(DATA FOR THE TASK):
- - - -

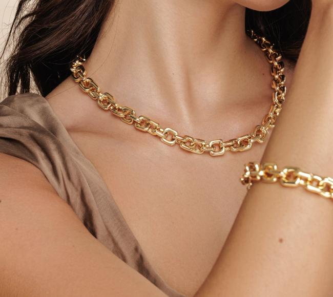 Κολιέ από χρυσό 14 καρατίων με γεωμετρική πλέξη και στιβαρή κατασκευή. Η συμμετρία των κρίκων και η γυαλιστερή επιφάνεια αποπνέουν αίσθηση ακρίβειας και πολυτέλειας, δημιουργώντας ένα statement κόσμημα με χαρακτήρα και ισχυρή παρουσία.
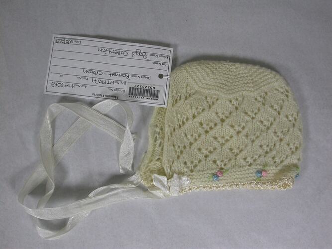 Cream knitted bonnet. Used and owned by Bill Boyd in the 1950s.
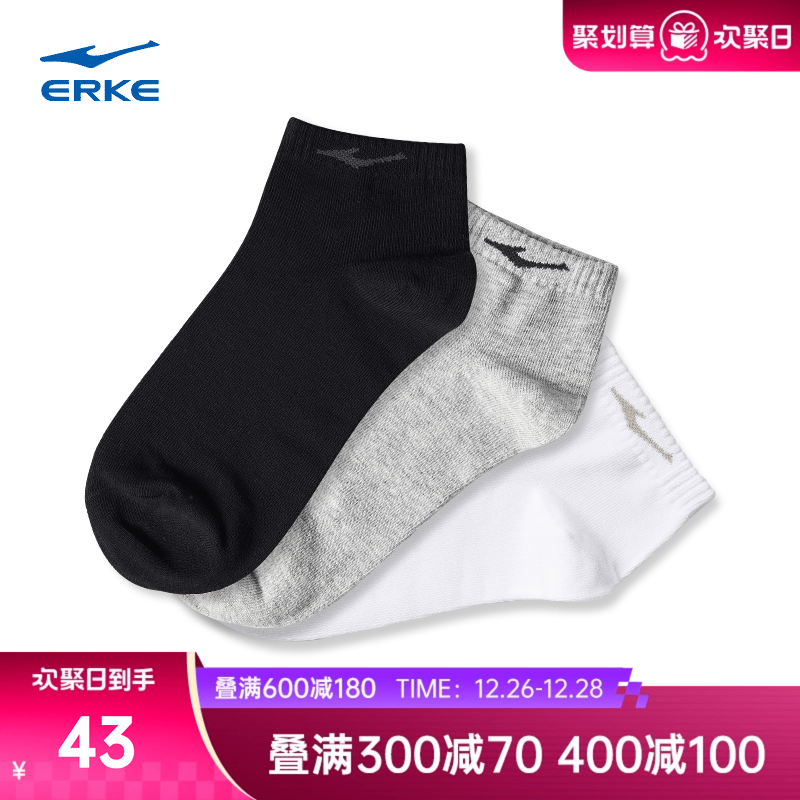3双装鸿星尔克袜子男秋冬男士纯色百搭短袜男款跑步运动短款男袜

- - - -

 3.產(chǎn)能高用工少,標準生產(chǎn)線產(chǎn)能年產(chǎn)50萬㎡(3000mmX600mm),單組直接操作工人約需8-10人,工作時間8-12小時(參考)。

- - - -

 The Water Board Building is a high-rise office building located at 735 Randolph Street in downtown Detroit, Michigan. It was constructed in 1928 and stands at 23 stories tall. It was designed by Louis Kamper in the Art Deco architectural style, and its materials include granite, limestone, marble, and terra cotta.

- - - -

(WORK TO BE COMPLETED): Return the material from the line containing "Cream knitted bonnet." through the line containing "3双装鸿星尔克袜子男秋冬男士纯色百搭短袜男款跑步运动短款男袜", exactly and in full, but without its pictures.

(WRITTEN SOLUTION):
 Cream knitted bonnet. Used and owned by Bill Boyd in the 1950s.
3双装鸿星尔克袜子男秋冬男士纯色百搭短袜男款跑步运动短款男袜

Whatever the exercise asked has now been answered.